Abstract. In this paper an architecture based on FPGA's for real time image processing is described. The system is composed of a high resolution ( $1280\times1024$ ) CMOS sensor connected to a FPGA that will be in charge of acquiring images from the sensor and controlling it too. A PC sends certain orders and parameters, configured by the user, to the FPGA. The connexion between the PC and the FPGA is made through the parallel port. On the other hand, the resolution of the captured image, as well as the selection of a window of interest inside the image, are configured by the user in the PC. Finally, a system to make the convolution between the captured image and a nxn-mask is shown.

#### 1 Introduction

One of the most important goals in vision-applications is the description of a certain scene in an automatic way. Description is understood as the localization and identification of the objects in the scene, depending on their features [1]. The main handicap in vision applications is the high computational cost that the algorithms that extract those features of the scene it implies. Nowadays, the large size images makes the number of operations needed increase considerably. Moreover, if real time performing is desired, execution-time of algorithm must be as low as possible.

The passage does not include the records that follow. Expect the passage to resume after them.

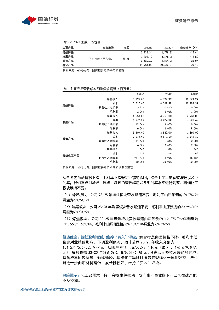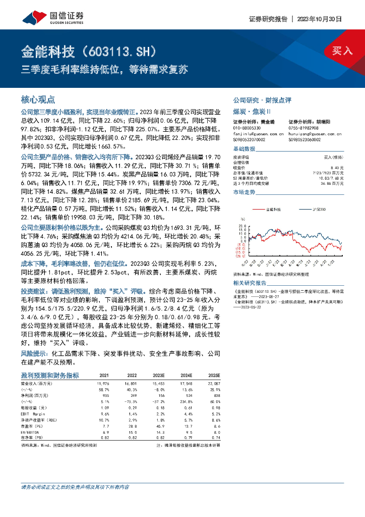 国信证券:金能科技(603113)-三季度毛利率维持低位,等待需求复苏.pdf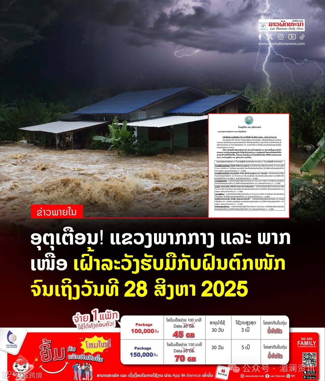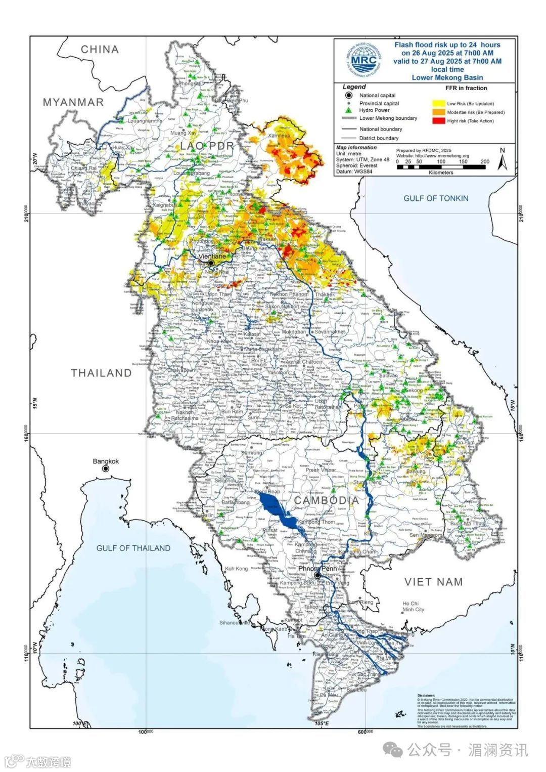 2025年8月26日,湄公河委员会发布未来24小时降雨量与洪水灾害预警。受热带风暴“卡吉基”减弱后的热带低压影响,老挝中部及北部多个省份出现强降雨,波里坎赛、甘蒙、赛宋本和川圹四省为洪灾高风险区域。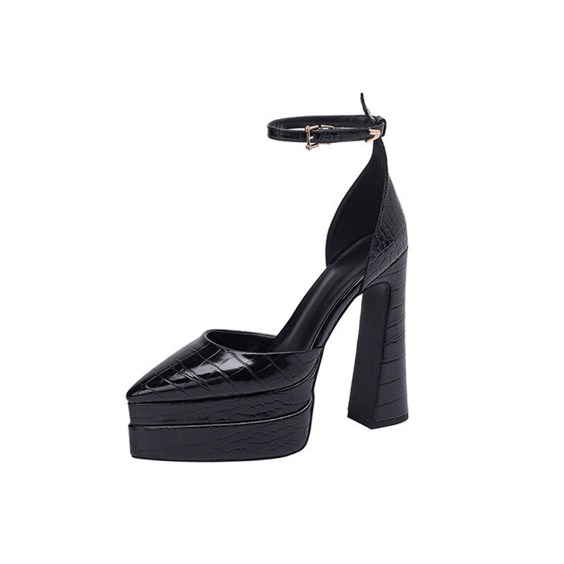 Achieving sky-high style has never been so easy than with these pumps! A crocodile embossed leather in vibrant hue is accessorized with elegant pointed toe upper. slender ankle straps with adjustable clasps and a cute heel cap behind. Designed to bring height to any look. this style gives a novelty heel shape while still being stable. Thanks to the heavy platform construction. they allow us to express our very personal style without getting too much pain of that height. Show yours off with a chic mini skirt or ankle-grazing trousers.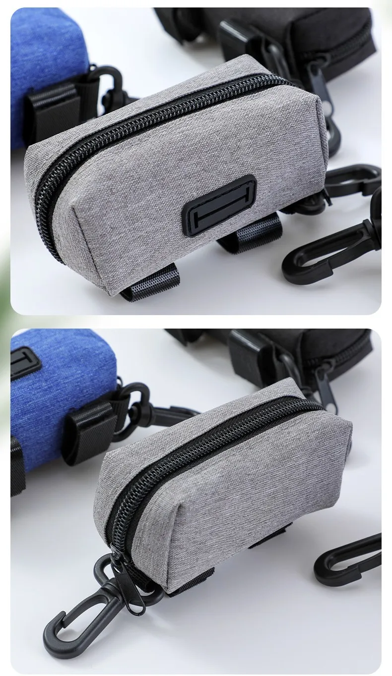 buena calidad, muy practico y cómodo , me llego en su tiempo, caben hasta 3 rollos de bolsas, así nunca me quedo sin bolsas para recoger las cosas de mis perros.

Usually, the platforms used to implement these algorithms are systems based on sequential programs. These are not, however, the most suitable elements for this kind of applications from the performance point of view, so, the search for new image processing systems is justified. In this sense, most of the vision systems can be divided in three levels, attending to the computational features: low level (such as filtered or convolutions), medium level (such as image segmentation) and high level (such as matching algorithms) [2].

It is, thus, important to select the necessary hardware platform depending on the complexity of the processing tasks. Since a conventional PC cannot carry out a bit operations concurrently, the system performance on a PC for image processing would be very poor. However, an ad-hock hardware design platform may overcome this problem. On the contrary, the kinds of operations to be done keeping high performance are relatively simple (filtering, image decompression, etc.). If it is desired to implement more complex algorithms, they must be reformulated in order to exploit the characteristics of the platform where they are implemented.

In this work a platform based on a FPGA and intended for vision applications is presented. It will be in charge of: capturing images provided by a high resolution sensor, applying a convolution with a mask over that image and further transmission of that preprocessed image to a PC by USB bus. The whole architecture is depicted in the figure 1.a).

The sensor chosen is the MT9M413, by Micron [3]. This monochrome sensor has as best feature the high speed that it can reach: 500fps with a 1280x1024 pixel-resolution. Its internal architecture permits connection with an external controller, allowing other operations to be carried out, as exposition-time configuration or choosing the desired window, by means of a set of control-signals.

The rest of the chapter is organized as follows: chapters 2 and 3 describe general remarks and a block diagram of the proposed design. Finally, a results section where time-relations and consumed resources inside the FPGA are shown.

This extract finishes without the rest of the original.